The results are starkly evident. Today the island's parks and streets
are teeming with men and women of working age. They talk, tell stories
or play with their dogs.

Only 155.605 young people are self-employed, which represents 31% of the
island's incipient private sector. A bit more than a million young
people work in the state sector, but not for the measly Cuban salary,
but because they can obtain from the State products that they later sell
on the black market to survive.

Oddly enough, stealing from the Cuban state is not a crime, but an act
of self-defense. Thanks to "missing" goods in state inventories, and the
"diversion of resources", there exists a genuine national market: the
underground one, which keeps Cuban families alive and kicking.

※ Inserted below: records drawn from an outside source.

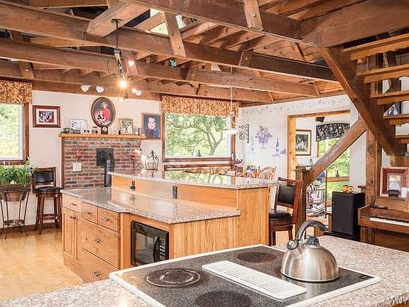 Stunning custom-built home with soaring ceilings, massive windows with a view from every room. Beautiful, newer kitchen with granite counters, breakfast bar, hickory cabinets and cozy gas fireplace add to the entertaining ambiance. Step down to the over-sized family room which is drenched in sunlight! The fireplace here is the perfect touch for cold winter nights. Open staircase to catwalk, master suite and office which opens to balcony where you can sit and watch the sun rise over the Sunkist Hills of Colden. Peace and quiet with privacy! Newer metal roof and gutters (2018). Large patio and deck enhance the outdoor entertaining options. Additional 2.5 car garage with separate driveway. This truly is a special home in a fabulous location.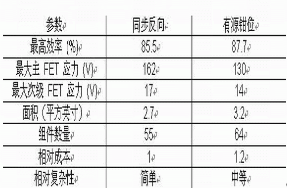 表 2 列出了對兩種同步反向電源主要部分進(jìn)行比較的總結(jié)。該表說明了有源鉗位反向電源相對于變壓器驅(qū)動同步反向電源在性能上的優(yōu)勢。尤其是在輕負(fù)載情況下,有源鉗位反向電源具有更低的 FET 電壓應(yīng)力及更高的效率。有源鉗位控制器 (UCC2897) 的可編程停滯時間特性(該特性可防止主、次級 FET 的疊加傳導(dǎo) (overlapping conduction))有助于最小化 Q1 二次側(cè)直通損耗。這些損耗一般表現(xiàn)為可在主電流感應(yīng)電阻器上觀測到的一個大電流峰值,且經(jīng)常會導(dǎo)致輕負(fù)載抖動的問題。有源鉗位反向電源較低的高頻振鈴會產(chǎn)生更少的 EMI 及一個全局范圍內(nèi)更低噪聲的電源。由于漏極電感對有源鉗位電路性能的影響較小,因此,盡管同步反向電源并不是一無是處,但比起帶有同步反向的情況,高頻操作更有可能實現(xiàn)。在這兩個示例電路中,與有源鉗位反向電源相比,傳統(tǒng)的同步反向電源可將 PWB 面積、組件數(shù)量和成本上降低大約 15%~20%。這是一款容易設(shè)計和(可論證性地)理解的更簡單的電路,雖然如此,但還是要考慮到其在性能上的一些不足。那么,您應(yīng)該在什么時候選擇一個有源鉗位反向電源呢?如果輸出功率較低,同時設(shè)計要求一直進(jìn)行連續(xù)模式運行,那么有源鉗位反向電源可以實現(xiàn)高效率、低 EMI 運行。在輕負(fù)載效率較為關(guān)鍵的應(yīng)用中,它具有一個更為明顯的優(yōu)勢。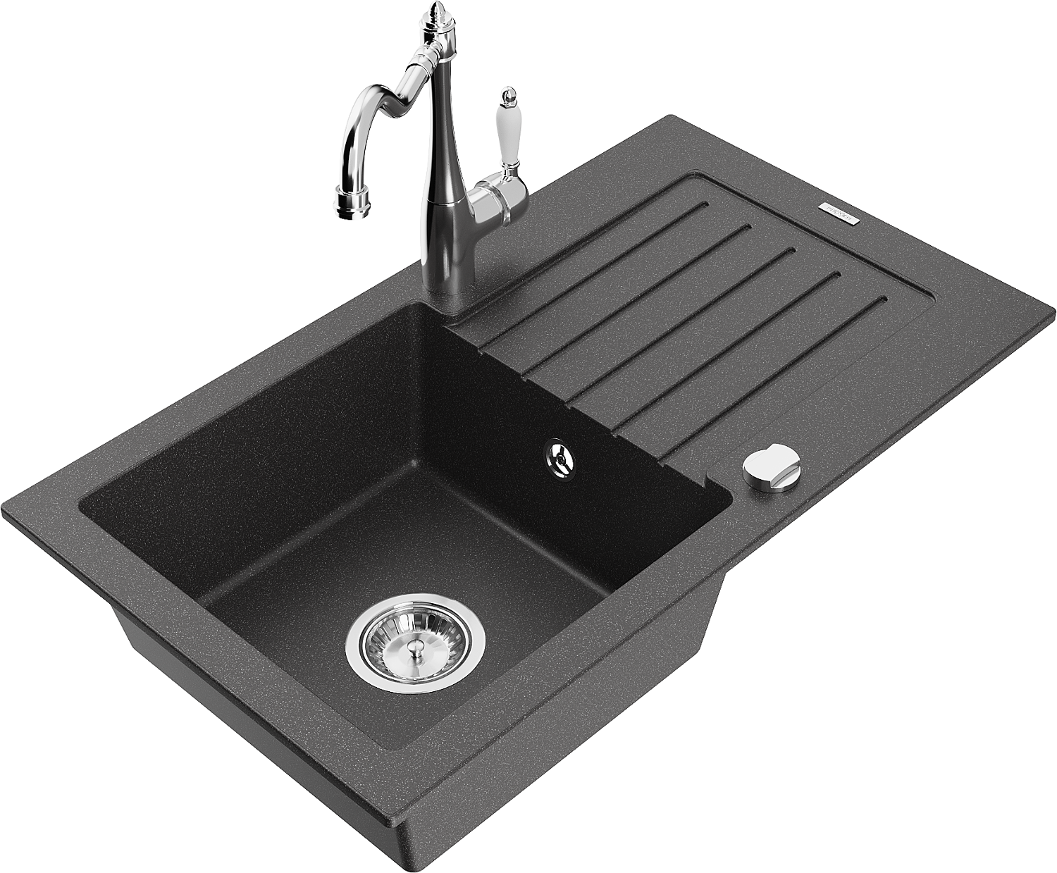 Mexen Pablo évier en granit à 1 bac avec égouttoir et robinet de cuisine Carla, noir moucheté - 6510-76-670700-00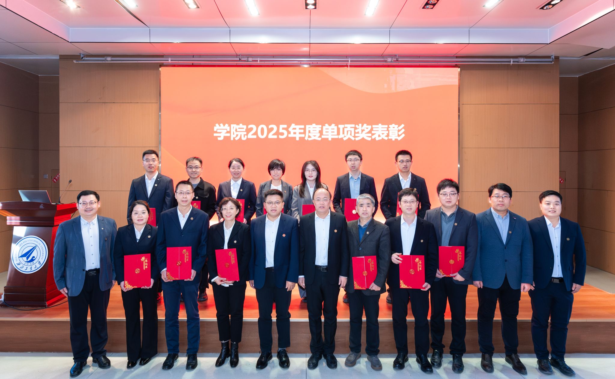 学院对获得2025年度科技贡献奖、育人贡献奖、国际合作先进个人、安全之星、科技新星、公益之星等单项荣誉的16位教职工进行表彰。学院领导为获奖教师颁奖。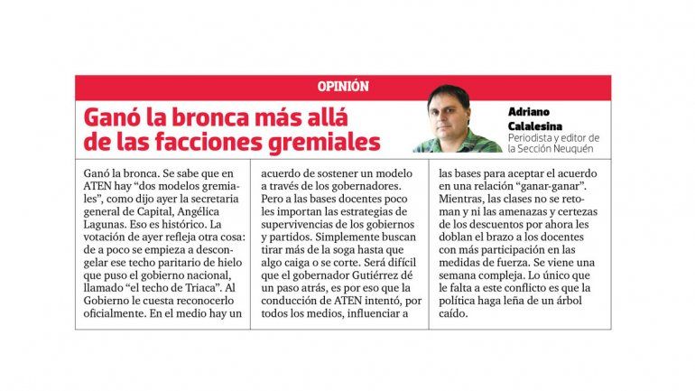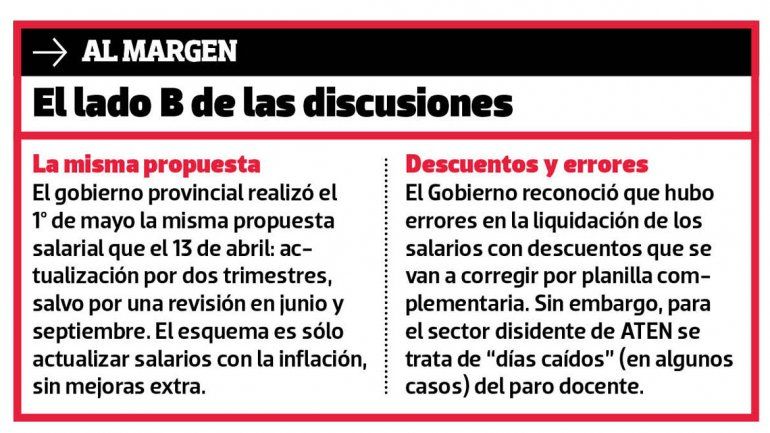 Este esquema redefine las estrategias del sindicato y el gobierno provincial, que hoy tiene a cuestas 27 días y no pagará el 6,3% de actualización salarial del trimestre, debido a que el sindicato docente no aceptó el acta acuerdo como los otros gremios estatales. En ATEN, ayer ganaron los “duros” y perdieron los “moderados”, aunque esa calificación, que define la histórica interna, es menor ante los resultados de las seccionales.

The current 30% unemployment on the island is a reflection of Cuba's
appallingly unique situation: it is the only country in the hemisphere
that is today less economically and socially advanced than it was in the
middle of the 20th century. Though Haiti has a higher unemploymen rate
than Cuba, its average salary of 59 dollars is double. The
"Revolutionary" island has not even reached square one when it comes to
socio-economic progress, and will need to take its first steps before it
can advance and build a new future.

Undoubtedly, the reconstruction of the devastated country will fall to
those young people who today have no jobs, and hang their university
degrees on the wall, and pedal bicycle taxis, or make a living as human
statues to get tips from tourists.

Cubans who are now barred from being successful private entrepreneurs,
technicians or well-paid employees will be the ones who, with financial
assistance from international and Cuban banks, and foreign and
Cuban-American investors, will rebuild the Cuban economy, which before
the Castroist nightmare was one of the most prosperous in the Americas.
They will construct the modern, democratic country for which we all yearn.